• **WHAT IS REQUIRED**: Keep the pictures out. Restate the entries below word for word.

PROVIDED INFORMATION below:

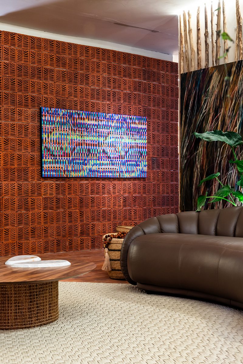 Essa busca por materialidade mais autêntica aparece tanto em projetos residenciais quanto em exposições e instalações experimentais. Um exemplo recente está na atual Bienal de Arquitetura Brasileira, em São Paulo, com o ambiente Casa da Terra, assinado pela arquiteta Fernanda Rubatino.
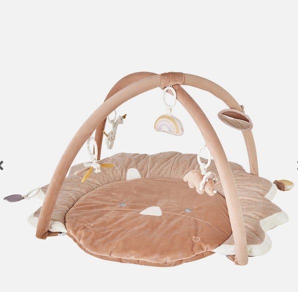 Le tapis d’éveil Popsie en Veloudoux® rose poudré est parfaitement adapté pour stimuler la motricité,
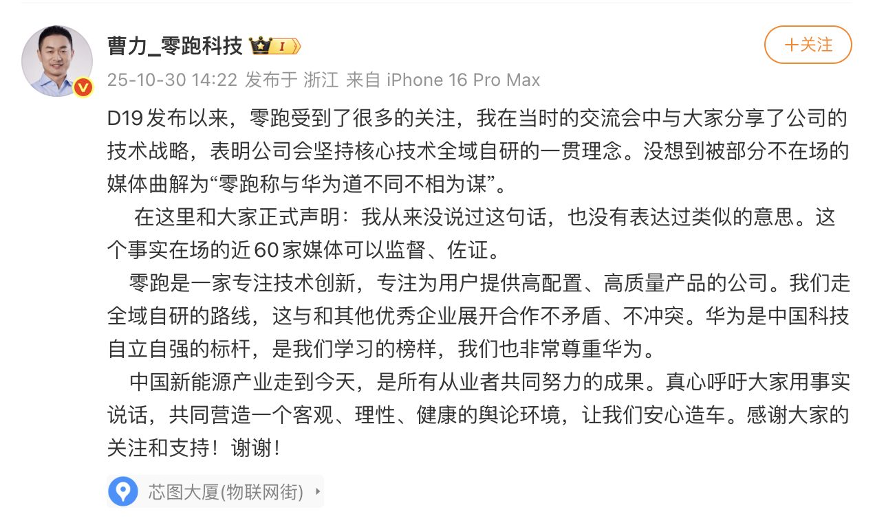 10月30日,针对“零跑称与华为道不同不相为谋”的说法,零跑汽车高级副总裁曹力在社交平台发布声明称,从来没说过这句话,也没有表达过类似的意思。
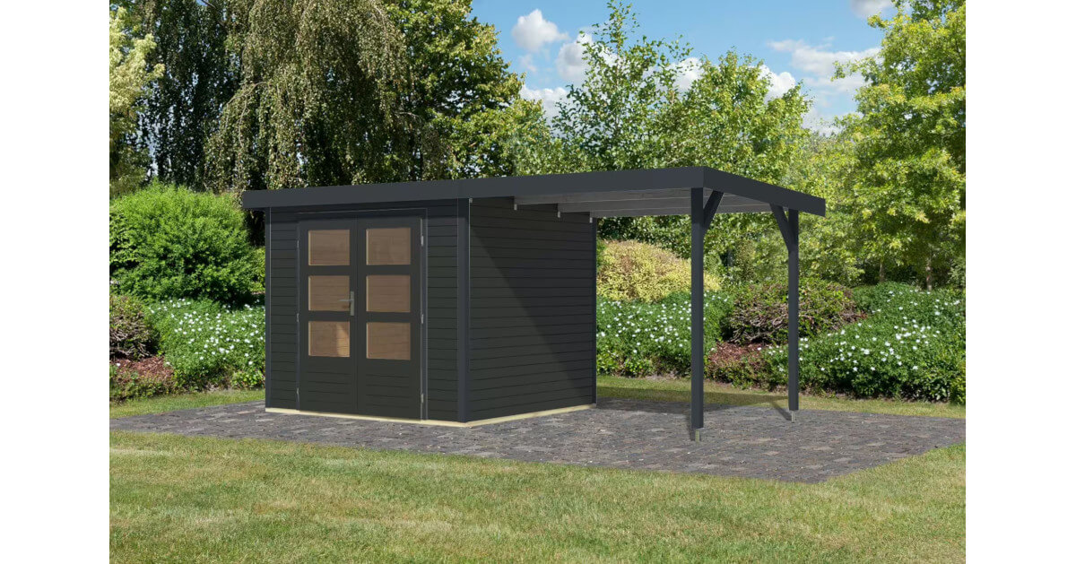Mit dem optionalen Anbaudach erhalten Sie zusätzlichen Stauraum und erweiterte Nutzungsmöglichkeiten als Gartenlounge. Machen Sie es zu Ihrem persönlichen Rückzugsort.
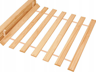 Rošt z borovicového masivu. Jednotlivé latě spojené stuhou. Předvrtané otvory pro připevnění roštu na koncích a středu.

End of PROVIDED INFORMATION.

• **YOUR SOLUTION**:
 Essa busca por materialidade mais autêntica aparece tanto em projetos residenciais quanto em exposições e instalações experimentais. Um exemplo recente está na atual Bienal de Arquitetura Brasileira, em São Paulo, com o ambiente Casa da Terra, assinado pela arquiteta Fernanda Rubatino.
 Le tapis d’éveil Popsie en Veloudoux® rose poudré est parfaitement adapté pour stimuler la motricité,
 10月30日,针对“零跑称与华为道不同不相为谋”的说法,零跑汽车高级副总裁曹力在社交平台发布声明称,从来没说过这句话,也没有表达过类似的意思。
Mit dem optionalen Anbaudach erhalten Sie zusätzlichen Stauraum und erweiterte Nutzungsmöglichkeiten als Gartenlounge. Machen Sie es zu Ihrem persönlichen Rückzugsort.
 Rošt z borovicového masivu. Jednotlivé latě spojené stuhou. Předvrtané otvory pro připevnění roštu na koncích a středu.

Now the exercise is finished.